#### Data for processing
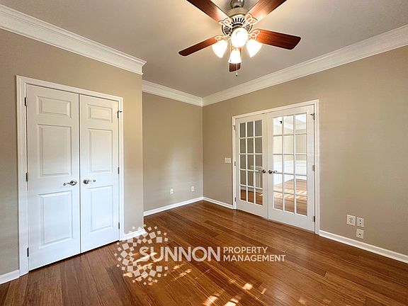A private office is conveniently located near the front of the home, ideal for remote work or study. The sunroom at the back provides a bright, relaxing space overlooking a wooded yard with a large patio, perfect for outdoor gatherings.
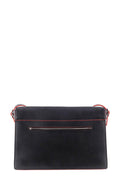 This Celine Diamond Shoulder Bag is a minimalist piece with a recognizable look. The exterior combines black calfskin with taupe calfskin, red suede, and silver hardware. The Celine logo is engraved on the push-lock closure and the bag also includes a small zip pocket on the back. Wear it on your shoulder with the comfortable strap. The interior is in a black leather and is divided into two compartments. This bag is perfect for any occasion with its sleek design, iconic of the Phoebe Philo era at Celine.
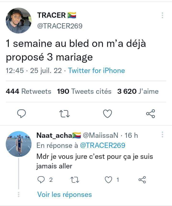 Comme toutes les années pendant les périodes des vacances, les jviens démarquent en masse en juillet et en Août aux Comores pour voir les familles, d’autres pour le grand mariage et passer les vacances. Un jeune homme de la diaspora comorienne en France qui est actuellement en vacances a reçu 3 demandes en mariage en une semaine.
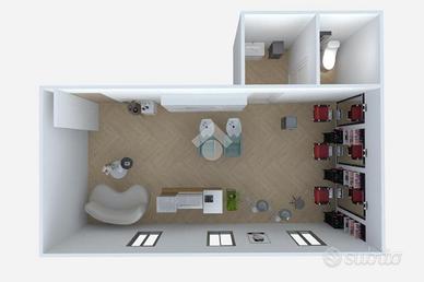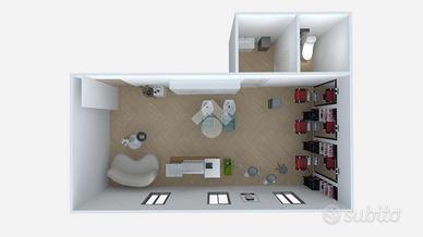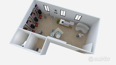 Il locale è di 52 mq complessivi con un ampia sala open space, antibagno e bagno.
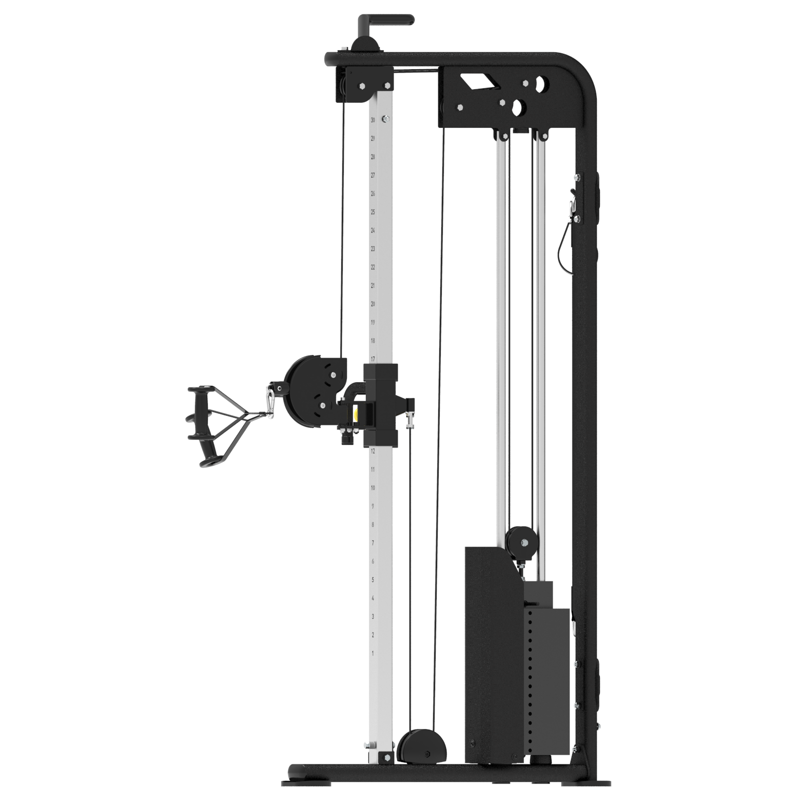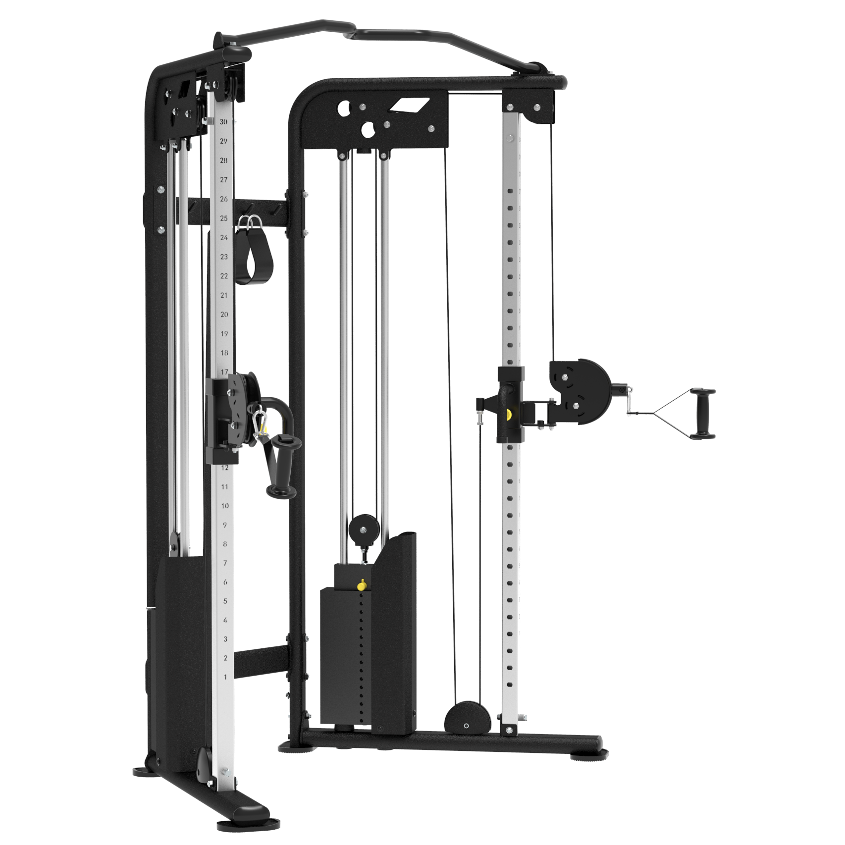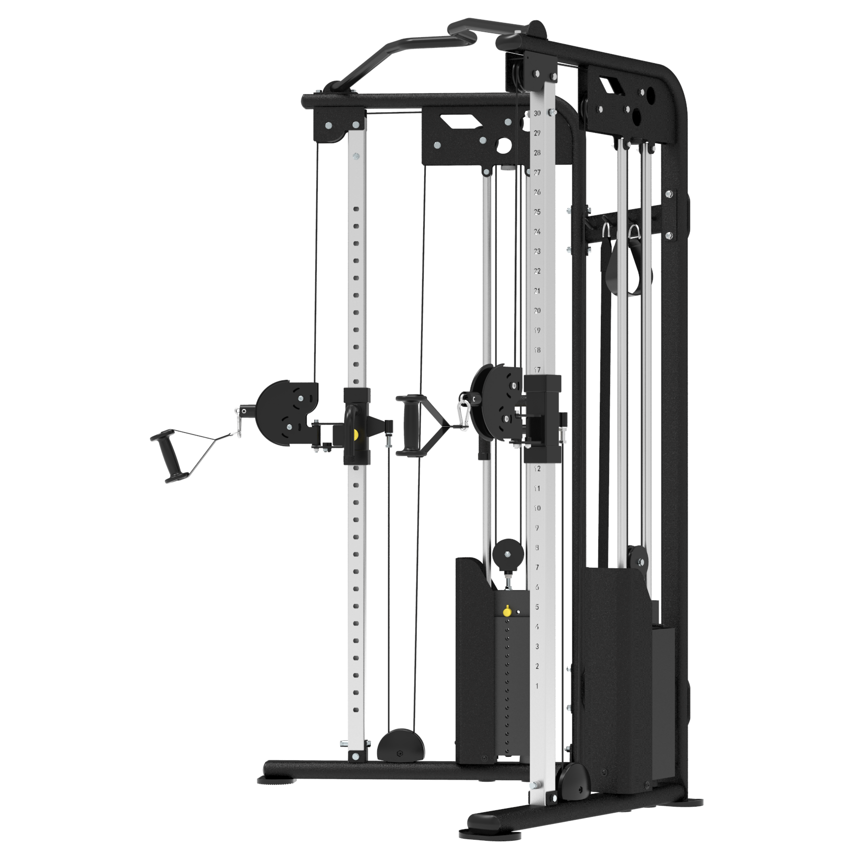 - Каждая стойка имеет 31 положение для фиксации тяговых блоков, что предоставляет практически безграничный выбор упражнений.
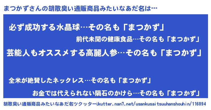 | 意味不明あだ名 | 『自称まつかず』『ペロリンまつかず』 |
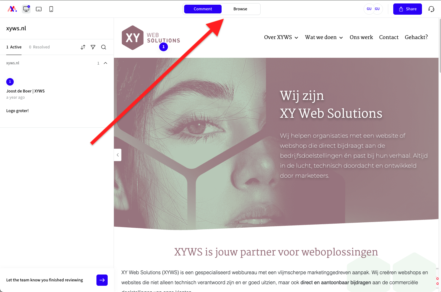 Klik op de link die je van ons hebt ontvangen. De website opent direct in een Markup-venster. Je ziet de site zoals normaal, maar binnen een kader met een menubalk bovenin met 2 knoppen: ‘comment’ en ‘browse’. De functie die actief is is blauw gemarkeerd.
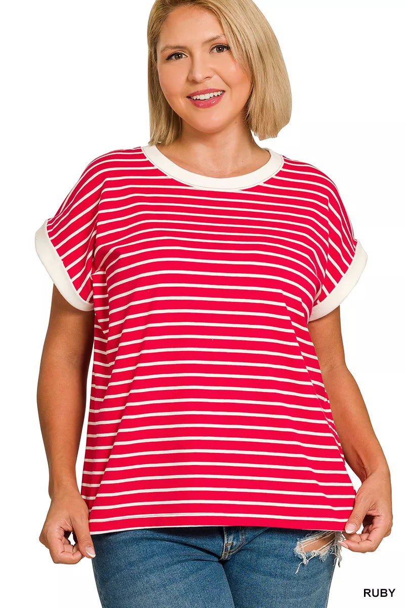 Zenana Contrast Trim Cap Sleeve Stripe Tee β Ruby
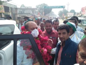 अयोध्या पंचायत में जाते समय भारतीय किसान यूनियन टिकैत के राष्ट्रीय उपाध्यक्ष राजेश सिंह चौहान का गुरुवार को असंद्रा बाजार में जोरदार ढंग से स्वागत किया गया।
==
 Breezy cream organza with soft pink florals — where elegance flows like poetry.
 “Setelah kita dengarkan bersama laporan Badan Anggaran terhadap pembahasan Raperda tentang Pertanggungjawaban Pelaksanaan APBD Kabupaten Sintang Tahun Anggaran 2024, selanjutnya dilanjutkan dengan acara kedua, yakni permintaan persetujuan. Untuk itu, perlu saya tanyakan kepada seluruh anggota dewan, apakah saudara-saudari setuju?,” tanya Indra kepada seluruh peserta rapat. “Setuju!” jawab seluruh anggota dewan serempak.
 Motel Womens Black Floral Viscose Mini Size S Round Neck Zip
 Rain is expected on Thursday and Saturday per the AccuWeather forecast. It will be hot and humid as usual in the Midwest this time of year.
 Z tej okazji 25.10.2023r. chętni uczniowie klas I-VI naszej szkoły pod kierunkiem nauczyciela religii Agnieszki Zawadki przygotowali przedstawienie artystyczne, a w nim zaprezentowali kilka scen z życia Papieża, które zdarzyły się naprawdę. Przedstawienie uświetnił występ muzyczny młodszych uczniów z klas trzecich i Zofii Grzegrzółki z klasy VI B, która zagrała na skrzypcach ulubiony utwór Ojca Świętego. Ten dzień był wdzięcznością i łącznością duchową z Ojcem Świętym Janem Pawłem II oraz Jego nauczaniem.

#### Problem
Find the line with "Motel Womens Black" in the entries above. Retype it and each line after it, exactly, through the line with "Z tej okazji", and stop there.

#### Reply
 Motel Womens Black Floral Viscose Mini Size S Round Neck Zip
 Rain is expected on Thursday and Saturday per the AccuWeather forecast. It will be hot and humid as usual in the Midwest this time of year.
 Z tej okazji 25.10.2023r. chętni uczniowie klas I-VI naszej szkoły pod kierunkiem nauczyciela religii Agnieszki Zawadki przygotowali przedstawienie artystyczne, a w nim zaprezentowali kilka scen z życia Papieża, które zdarzyły się naprawdę. Przedstawienie uświetnił występ muzyczny młodszych uczniów z klas trzecich i Zofii Grzegrzółki z klasy VI B, która zagrała na skrzypcach ulubiony utwór Ojca Świętego. Ten dzień był wdzięcznością i łącznością duchową z Ojcem Świętym Janem Pawłem II oraz Jego nauczaniem.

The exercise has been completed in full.